Who is the data controller?
The data controller is Youth Community Support Agency (YCSA). If you have any questions or concerns about your rights or how we use your data you should contact Fariha Thomas, YCSA Manager, firstname.lastname@example.org
What data are we collecting?
The organisation collects a range of information about you. This includes:
- your name, address and contact details, including email address and telephone number;
- details of your qualifications, skills, experience and employment history;
- information about your current level of remuneration, including in some circumstances benefit entitlements;
- whether or not you have a disability for which the organisation needs to make reasonable adjustments during the recruitment process;
- information about your entitlement to work in the UK; and
- equal opportunities monitoring information, including information about your ethnic origin, sexual orientation, health, and religion or belief.
The organisation collects this information in a variety of ways. For example, data might be contained in application forms, CVs or resumes, obtained from your passport or other identity documents, or collected through interviews or other forms of assessment.

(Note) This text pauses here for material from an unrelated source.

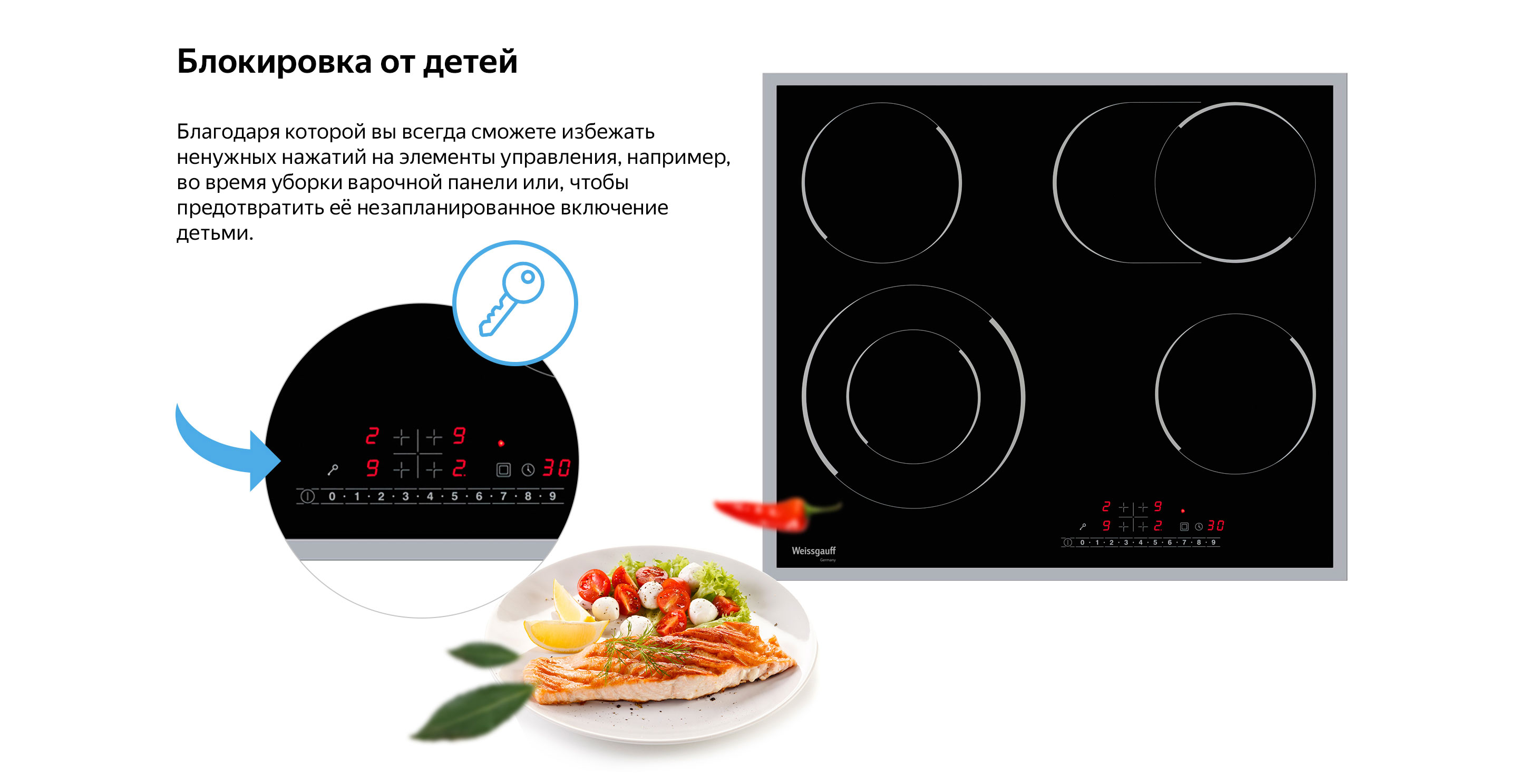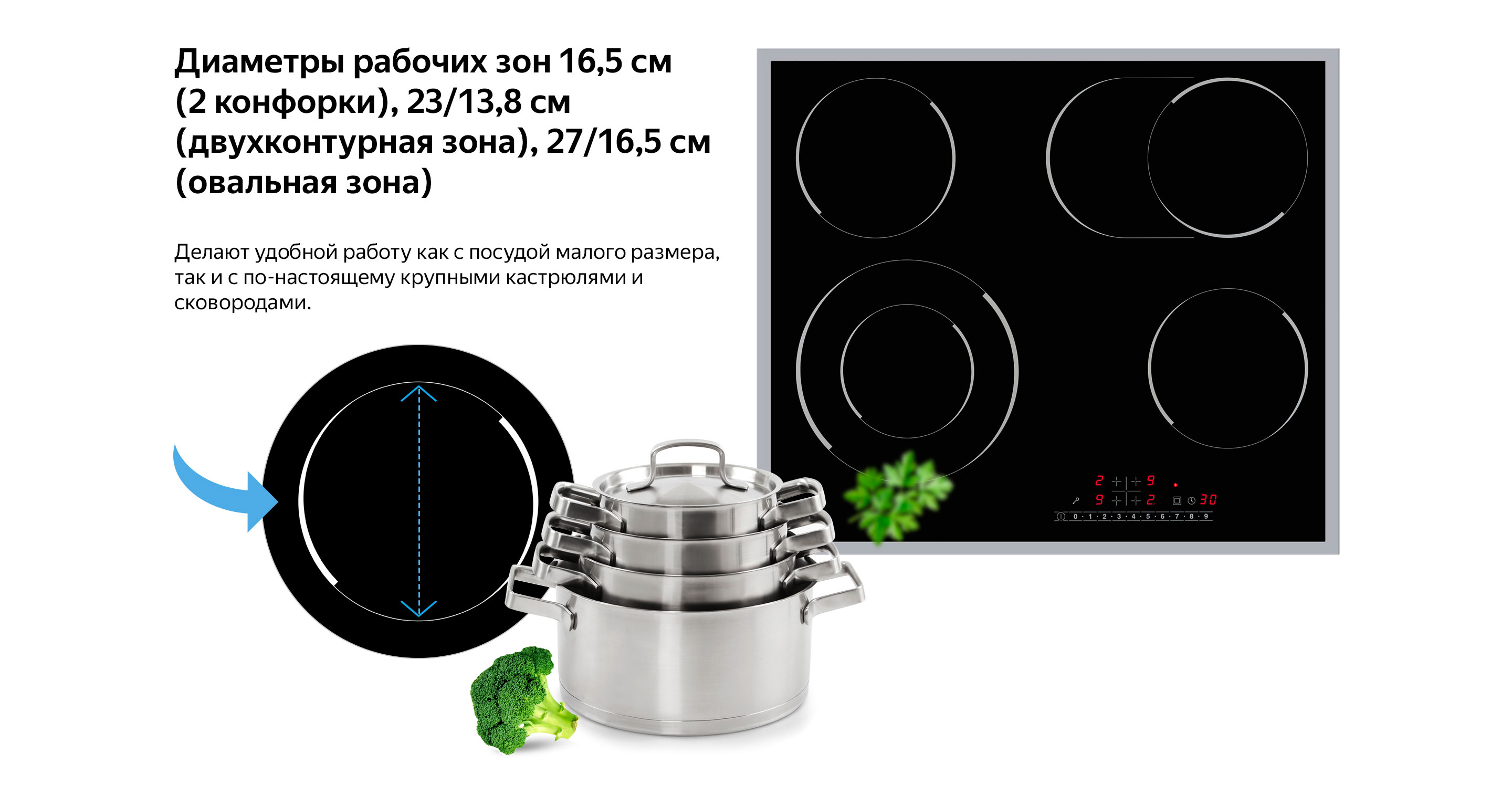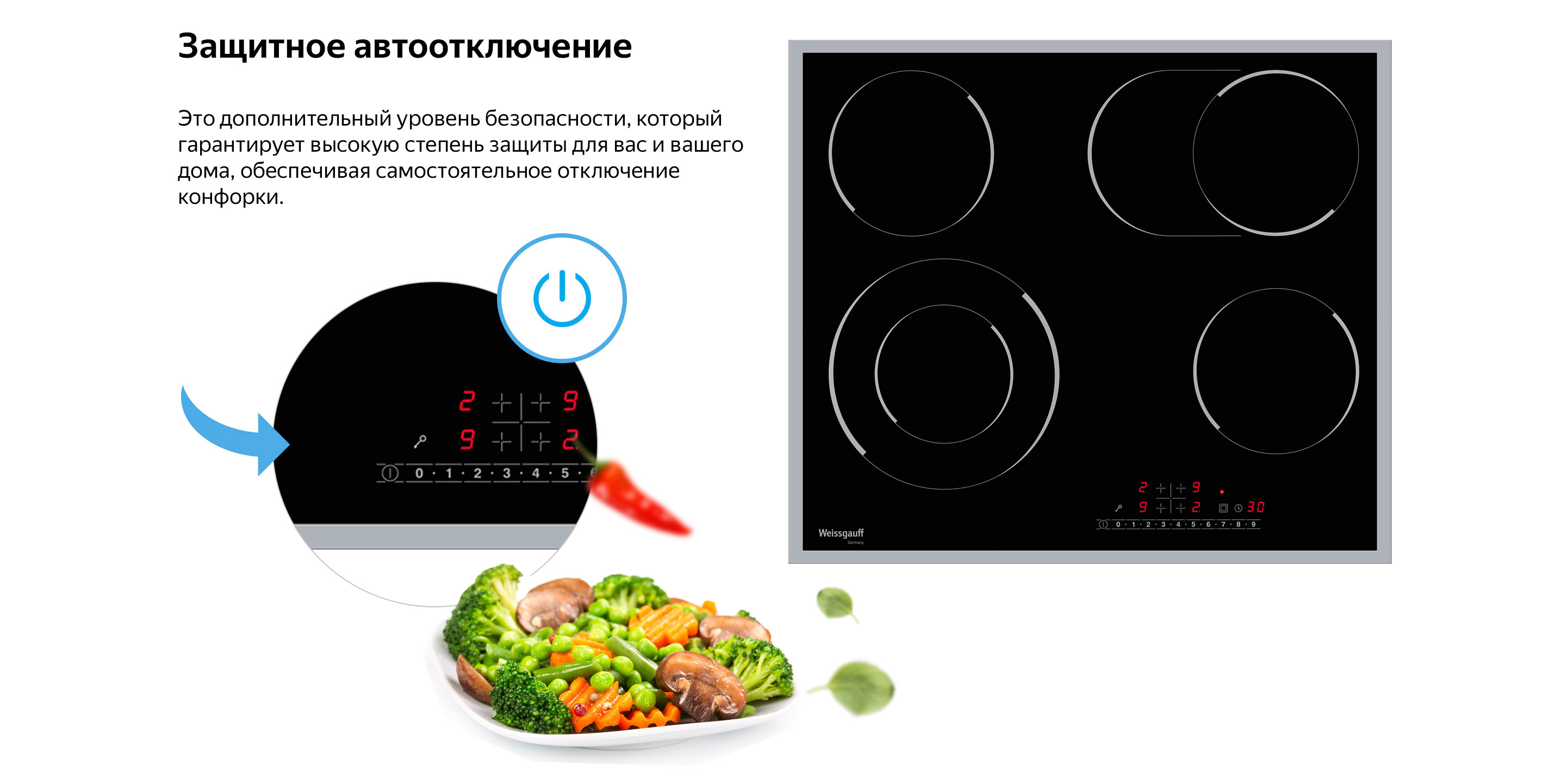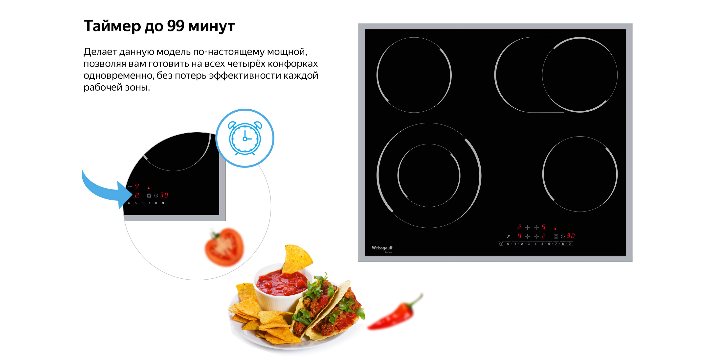 Стеклокерамическая панель с металлической рамкой, дополнительной овальной зоной и двухконтурной конфоркой сочетает в себе возможности приготовления в посуде разной формы и диаметра по более, чем доступной цене. Золотая середина варочных панелей Weissgauff.

The organisation will also collect personal data about you from third parties, such as references supplied by former employers and information from criminal records checks. The organisation will seek information from third parties only once a job offer to you has been made and will inform you that it is doing so.
Why are you collecting my data?
The legal grounds for collecting and processing your personal data are that it is ‘in the legitimate interests of the employer’, in order to select and appoint people to fill vacant roles. It is also necessary for ‘the performance of a contract’ in the event that you are successful in your application. The organisation may also need to process data from job applicants to respond to and defend against legal claims.
In some cases, the organisation needs to process data to ensure that it is complying with its legal obligations. For example, it is required to check a successful applicant’s eligibility to work in the UK before employment starts.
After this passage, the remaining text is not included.